The stock took off from its 2000 IPO and split twice in 2001, hitting a high in 2003 of nearly $50 before traders woke up. By late 2005 the stock was trading for less than $5 a share, and during the 2008 crash it traded quietly in the $2 to $3 range.
Now it's back on the roller coaster.
After rising to more than $25 early last month, the stock has fallen to less than $20, after the company reported earnings that, while good, were below expectations because of one-time charges.
Those charges, a $1.7 million sale of leases and a $1.5 million lease termination agreement, involve a dispute with the former landlord at its commissary in Lorton, Va. But they went straight to the bottom line, turning an adjusted net income of $11.2 million, or 16 cents a share, into reported net income of $6.8 million, or 9 cents a share.

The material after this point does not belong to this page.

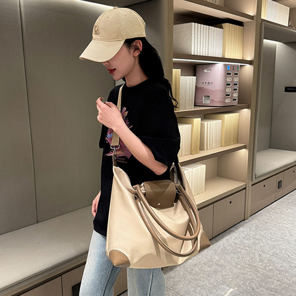 This stylish 2Pcs nylon handbag set includes a large tote and a matching smaller bag, perfect for travel, fitness, commuting, and daily use.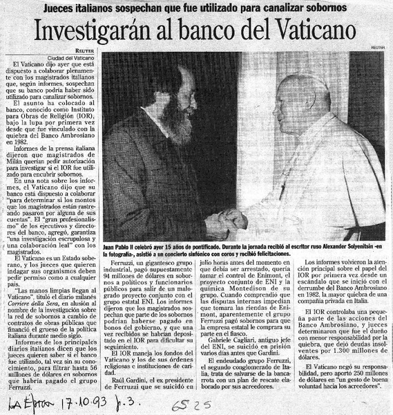 Investigarán al banco del Vaticano Jueces italianos sospechan que fue utilizado para canalizar sobornos [artículo] :

What all this proves is that Krispy Kreme is, once again, a momentum stock. Even at its current price you're talking about a price-to-earnings ratio of 61. Those doughnuts may be puffy, but I want some real cloud technology at that price.
Back during the last bubble, there was an assumption that Krispy Kreme could take its fried yeast doughnuts global, and that Japanese in particular might love a hot, fried, sugar-coated pillow as much as folks in Atlanta do.
Now the story is more of a domestic one, involving a franchise that remains weak in some states, such as New Jersey, Ohio, Pennsylvania and West Virginia, where it should have room to grow, and a packaged goods business that brings both its doughnuts and coffee into many grocery stores. (Full disclosure: I bribe my son into unpacking the car from Costco (COST) runs by hiding a box of Krispy Kremes in the trunk.)
Krispy Kreme's cake doughnut competitor, Dunkin Brands (DNKN), has also done well for investors over the last five years, but its gains are only one-tenth those of Krispy Kreme. Dunkin Brands' market cap is also four times larger, at $5.17 billion.